Joshua Bradbury wasn’t necessarily interested in the spotlight, but he shined when he found himself front and center. He was a Kauai High School athlete, an empathetic listener, an animal lover and an avid Lakers fan.
On Aug. 28, the 30-year-old Kekaha man died after jumping into an overflowing Waikomo Stream with his friend Noah Foote to save a dog. The stream was swollen with rains from Hurricane Lane, which was downgraded to a tropical storm when it drenched the island.
“He was my best buddy,” said Joshua’s father Rob Bradbury three days later. “He was an advocate for people and for those in need. The neatest thing about Josh was how he affected everybody. He had that smile. He was a special kid.”
Growing up, Joshua loved basketball and soccer. After graduating from high school, he spent a few years in Las Vegas, working at the Planet Hollywood Hotel with a handful of buddies and returned to Kauai in 2011.
“It was good to have him back,” Rob Bradbury said. “He had his own studio out in the old carport and helping take care of his grandmother who lives here. He was the prodigal son.”
For the next six or seven years, days were spent working with Noah Foote at his company, Superior Painting. Pau hana was shooting hoops at the basketball court near Foote’s house and watching Lakers games.
“We were inseparable for five years,” Foote said. “It’s just been me and Josh. He was a Kauai boy. He was my only employee and my best friend.”
Foote and Josh trained together daily after putting in long days painting; pushing each other to eat healthy and dedicate time to working out. While Josh was training his best friend in basketball, Foote trained Josh on a paint brush.
“That was something he wished he could have done — coaching,” Rob said. “It was all about training and getting better. He worked out constantly, on his own or with friends.”
Off the court, Foote, Rob and Josh watched every one of the Lakers games, all of which Rob would tape so they could break them down later.
“Both me and Josh, our favorite players (were) Kobe Bryant and LeBron James. We were just so excited to see LeBron play with the Lakers, it was something we couldn’t believe.” Foote said. “The best player in the world was going to play for the Lakers, our team, and it’s too bad he never got to see him play.”

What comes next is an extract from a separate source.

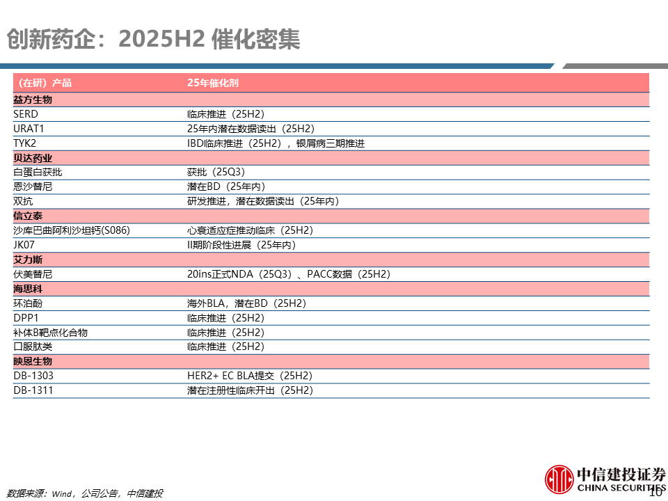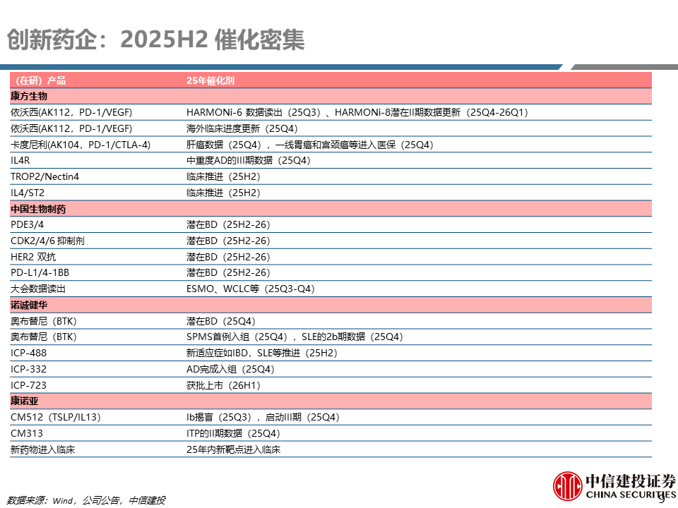 预计中国出海BD持续蓬勃。25H2重点关注肿瘤领域的PD-1/VEGF,PD-1/IL2,EGFRADC,DLL3ADC,DLL3/DLL3/CD3,代谢领域的GLP-1,ActIIR,Amylin,免疫领域的TSLP、TYK2、TCE、PDE3/4。2026年及后续重点关注肿瘤领域的双抗ADC如EGFR/Her3ADC,EGFR/c-metADC、多抗TCE如GPRC5D/BCMA/CD3,代谢领域的GGG+X,免疫领域的TCE、TL1A、IRAK4protac、TSLP、多抗等。
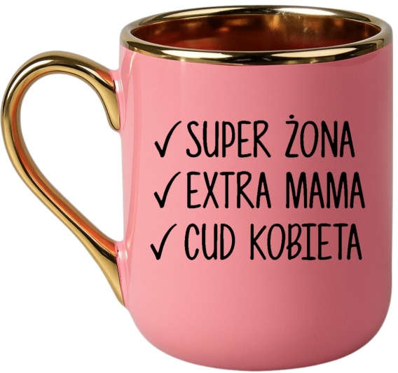 - Kolor kubka: różowy ze złotym uchem i rantem

That Tuesday, Foote and Josh were sitting outside of Foote’s house when they saw a white dog across Waikomo Stream. Foote snapped a photo of the dog after confirming with his wife that it wasn’t their seven-month old puppy, Oakley, and then it disappeared into the forest.
A few minutes later, the dog reappeared and Josh told his friend he would jump in and get it if the dog decided to try and cross the stream.
“Right as soon as he said that, the dog jumped in and started swimming toward us,” Foote said. “Josh jumped in right away and was in the middle of the stream. He grabbed the dog and pushed it toward me and I went in to catch it.”
Foote caught hold of the dog and took it over to his wife, who was standing on the bank nearby.
“He was in the middle of the stream and seemed in control, but when I ran back to find Josh I couldn’t find him,” Foote said. “There’s a culvert up stream and I got to that and I started yelling for him.”
After he couldn’t find his friend, Foote called 911 and the fire department took over the search. Foote bucked orders to go home and wait for news and went out to search for Josh himself and found him on the opposite side of the flooded stream.
“I was walking about a mile and it was treacherous — waist high water and rats, but I kept looking and yelling until I found Josh,” Foote said. “I’m glad I was the one that found him because I love that guy so much.”
Since the tragedy, Rob said people from different generations and parts of the island have reached out with stories of how Josh affected their lives.
“He was a beautiful man, my best buddy,” Rob said. “It’s really awesome to hear about how people were touched by him.”
Compassion and friendship were paramount to Joshua Bradbury, a legacy encapsulated by the stories of his family and friends who say he was always there to listen and to push people to be their best.
“I guess it comes down to everybody needs to hug everybody,” Rob said. “Spread the love.”